De cyclus zoals hij nu wordt uitgevoerd tijdens dit Holland Festival is in drie subthema’s verdeeld: ‘Michael’, ‘Lucifer & Eva’ en tot slot ‘Samenwerking en het openen van de ruimte’. ‘Michael’ is het terechte begin, waarbij deze figuur de nodige autobiografische gegevens van Stockhausen zelf bevat. Het begint allemaal met ‘Donnerstag-Gruss’, waarin het koper overheerst, aangevuld met piano en slagwerk. Het is een groet in de ware zin van het woord waarin Stockhausen op boeiende wijze een veelvoud van muzikale patronen verwerkt. Het aansluitende ‘Michael’s Jugend’ is sterk autobiografisch. We zien hier hoe Michael al vroeg wees wordt. Zijn moeder wordt opgenomen in een psychiatrisch ziekenhuis om uiteindelijk euthanasie te krijgen, iets wat Stockhausens moeder in 1941 overkwam, terwijl zijn vader, die na de opname in de kliniek van haar scheidt, kiest voor het leger om uiteindelijk te sneuvelen, net als vader Stockhausen in 1944. Ontroerende scènes, met name door de prachtige regie van Pierre Audi die deze twee scènes in felrood uitlicht. Michael ontmoet in dit deel ook Mond Eva, een jonge vrouw komend van de sterren, half vogel, half vrouw en in het bezit van een bassethoorn. Dat is een ander kenmerk van deze cyclus: alle hoofdpersonen hebben een instrument als kenmerk, vergelijkbaar met het leidmotiv bij Richard Wagner. Deze Mond Eva horen we dan ook niet zingen in dit deel, als zij aan het woord is, is dat middels die bassethoorn, prachtig bespeeld door Denise van Leeuwen. Michael’s instrument is de trompet en uiteindelijk ook de dans, als volgende stap in zijn ontwikkeling. En zo kan het dan gebeuren dat tenor Georgi Sztojanov, die eerst prachtig vorm gaf aan Michael’s kinderjaren, het podium deelt met trompettist Christopher Collings en danseres Emanuelle Grach, alle drie in de rol van Michael. Tot slot doet Michael in dit deel toelatingsexamen voor de muziekopleiding. Een belangrijk stuk omdat hier de rituele kant van deze cyclus mooi aan bod komt.

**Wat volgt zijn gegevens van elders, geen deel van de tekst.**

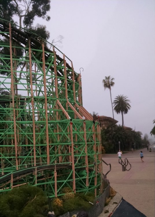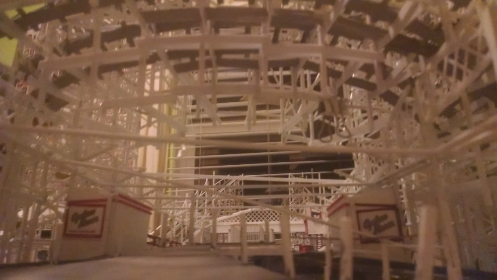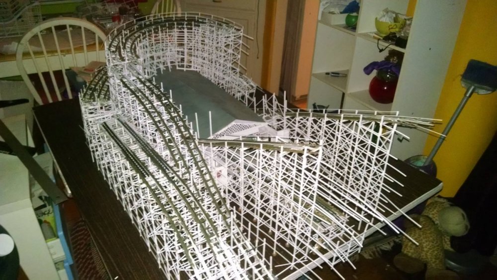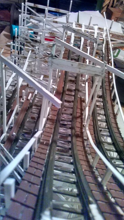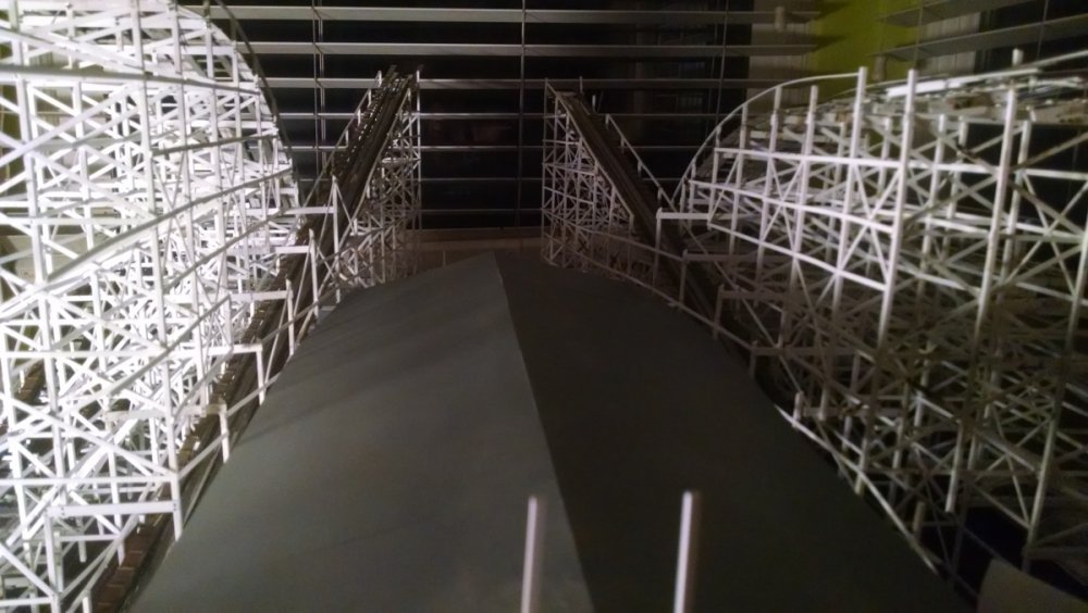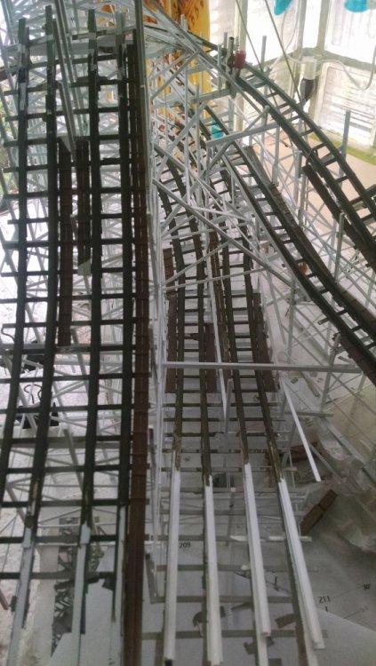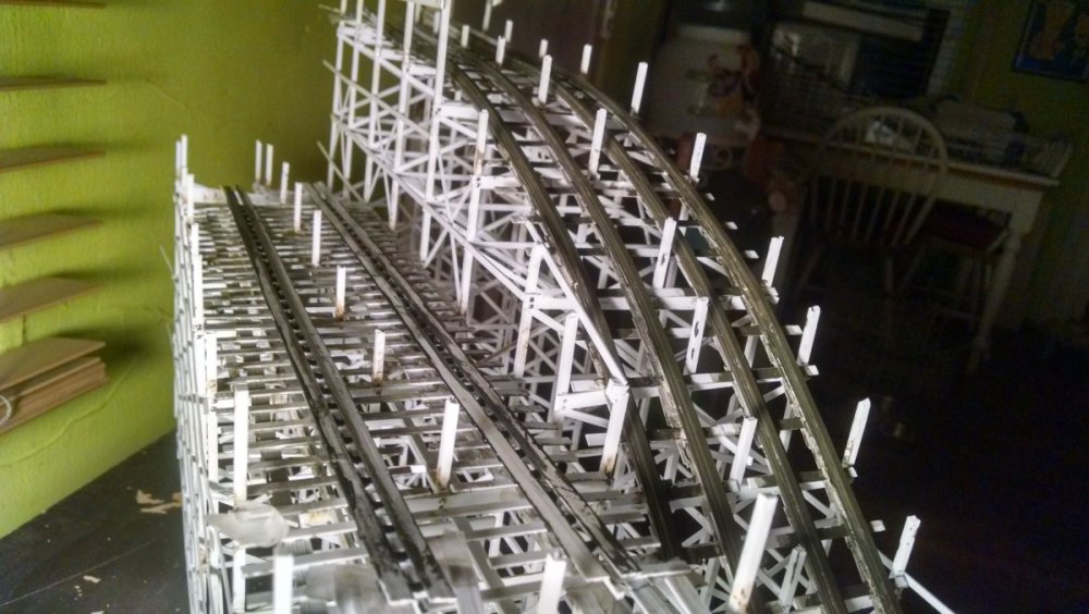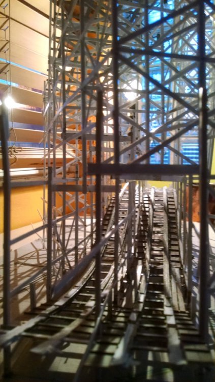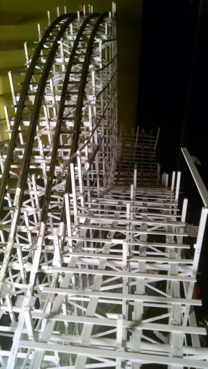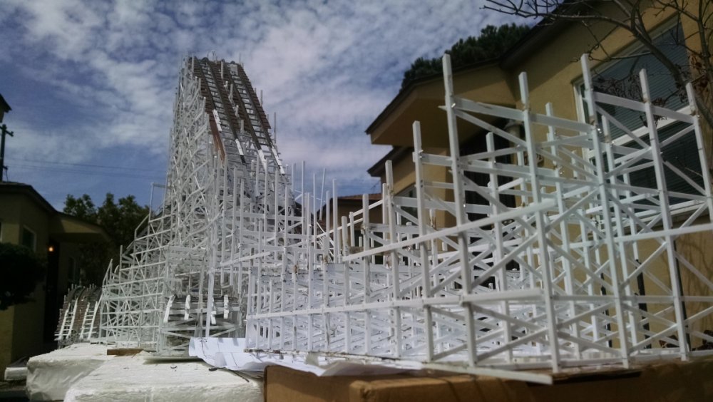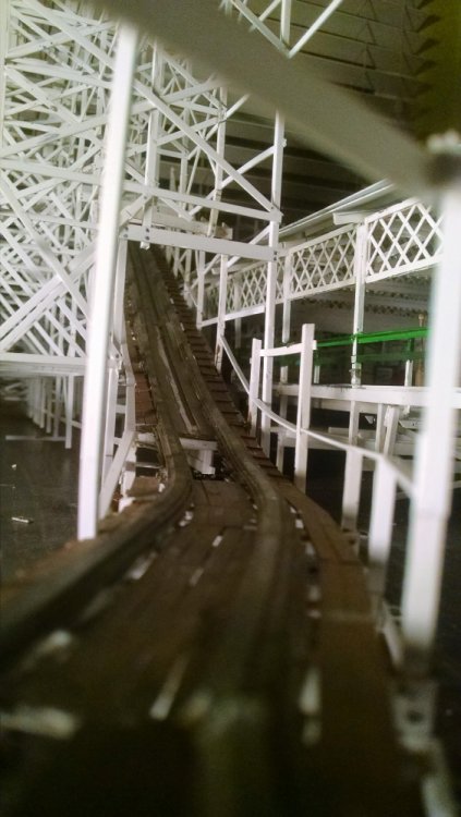 LONG OVERDUE UPDATE SOON Then I built the next layer of structure above – that hill in the middle of the ride that zig zags under the left hills. And I took that part and did a test fit over the low part. Sub track made and ready to lay! Beautiful fit. More lift hill bents. The tallest six bents have been built. And added. This is only the East lift hill. 6 duplicate bents are built, not shown. This picture is proof, that even on areas that are in the deepest bowels within the wood structure, I spared no attention to detail, even laminating the mid-layer of track that nobody will ever see. Also while on vacation, I created a little more space in my work corner along with some rearranging of my living room. The unexpected outcome was a nice roller coaster shadow on my wall! My handrails are notched around the lateral cross braces. Again, only people seeing this photo will see this deep in the ride. Track layers creeping up into the final brake section I set everything where it should set and added the supporting headers. To double check my accuracy, I took this shot to get an initial comparison to the real one. Until after I post this, I haven’t done that comparison. Note that the stacks of structure are not connected and still come apart in three pieces, accounting for some sticks that look like they're leaning. -

Want dat is waar het in ‘Das Licht’ eigenlijk allemaal om draait. Wat Stockhasuen schiep is een tijdloze mythe over de grondslagen van het leven op aarde, gezien vanuit het universum. Of zoals hij het zelf zegt: “Mijn theater vertelt een algemeen geldend verhaal: het verhaal van het menselijke bestaan, alleen dat fascineert me en houdt me bezig. Het dramatische genre dat me interesseert gaat over kosmische krachten en principes van de geest die zich materialiseren en manifest worden.” De muziek mag dan modern zijn, Stockhausen was zijn gehele leven meer dan gefascineerd door muziek uit andere culturen dan de onze en zag als geen ander de raakvlakken. In ‘Michael’s Reise um die Erde’, een volledig instrumentaal deel waarin we Michael alleen op trompet horen, prachtig verklankt door Jerome Burns, maken we met hem een reis om de aarde. Te zien als een soort van initiatie en proces van volwassenwording. En natuurlijk stapt Stockhausen niet in de valkuil om elementen van de Indiase muziek in ‘India’ te proppen en Afrikaanse in ‘Centraal-Afrika’, dat was zijn eer te na. Nee, de muziek is typisch Stockhausen, altijd doortrokken van een veelvoud van invloeden. Schitterend en niet gespeend van humor is het duet tussen de trompet en de bassethoorn, de liefdesbetuigingen tussen Michael en Mond Eva aan het einde.